GOODBYE CHRISTOPHER ROBIN
This biopic based on A.A. Milnes life comes from Simon Curtis, a producer and director who has done extensive work in British arts television, mostly for the BBC. He had previously directed the theatrical films My Week with Marilyn (2011) and Woman in Gold (2015). The screenplay is co-written by Frank Cottrell-Boyce, best known for his work for Michael Winterbottom, including the films 24 Hour Party People (2002) and Code 46 (2003). The film was released with the clear intention of contending for 2017 awards season but failed to garner any nominations anywhere.
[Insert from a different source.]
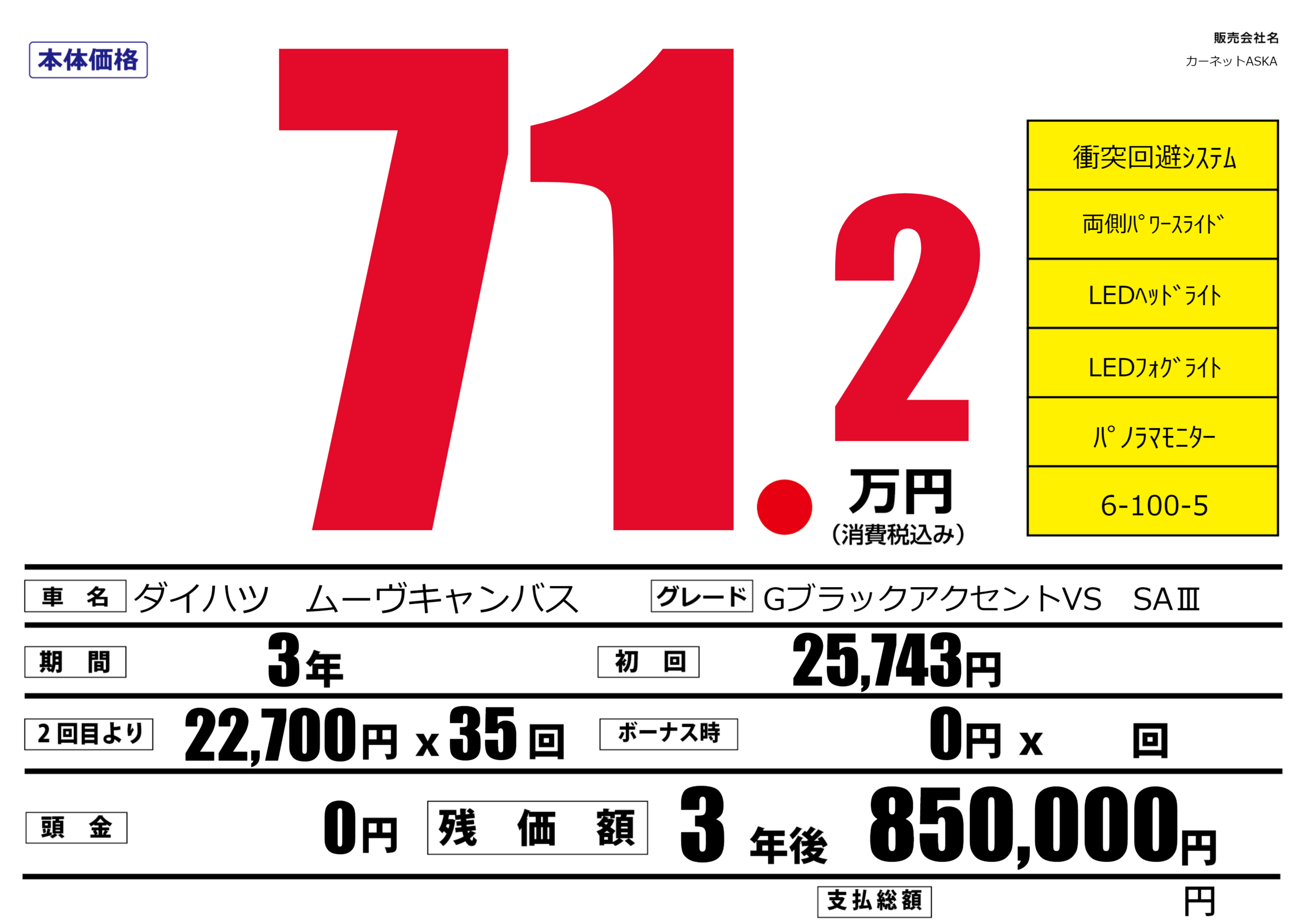 | 車名 | ダイハツ ムーヴキャンバス | グレード ミッション 排気量 |

It took me a long time to get into Goodbye Christopher Robin. One of the jarring things from the outset was current It Girl Margot Robbie as Milnes wife. Robbie is an Australian actress and has gained a great deal of attention in the last couple of years. I still had memory of the two last films I had seen her in as Harley Quinn in Suicide Squad (2016) and as Tonya Harding in I, Tonya (2017) fixed in memory as I watched her here both of which are at 180 degree remove from the role of the British society wife she is playing here. While the public is up in arms about Hollywoods constant casting of ethnic roles with whiteface what has come to be called whitewashing I see no real reason why it shouldnt equally be the case with recasting British characters and real-life people with Hollywood stars a notable case of this being the Bridget Jones films or Robert Downey Jrs Sherlock Holmes. It was this that kept rupturing my suspension of disbelief during the initial scenes. The other is that the two lead characters of Milne and Daphne remain unlikeable people for much of the way into the film Domhnall Gleeson gives a performance that is cold and shut-off, emotionally detached from his kid, while Margot Robbies Daphne comes across as a self-absorbed bitch. This may well have been intentional but it also results in a film where we are actively disliking the central characters for a good way in.
On the other hand, there came this point (about thirty minutes in) when I started to warm to the film. The point it started to do so for me was when Milne is left with sole charge of Christopher Robin and awkwardly has to come to terms with being a parent for the first time. This leads to a quite magical montage of scenes with Domhnall Gleeson and Will Tilston wandering through the woods where we see (as per any creator biopic) aspects of the Winnie the Pooh story then playing Poohsticks, Owls house and so on falling into place and being inspired. Unlike most other stories about various artists, this is not so much a celebratory one as a cautionary work where we see just as much how the world jumps on board the Winnie the Pooh stories as the effect it has on a young boy whose life is sliced up by the marketing of stories that were intended for him and by the constant intrusions of the rest of the outside world into his life.
(Nominee for Best Adapted Screenplay at this sites Best of 2017 Awards).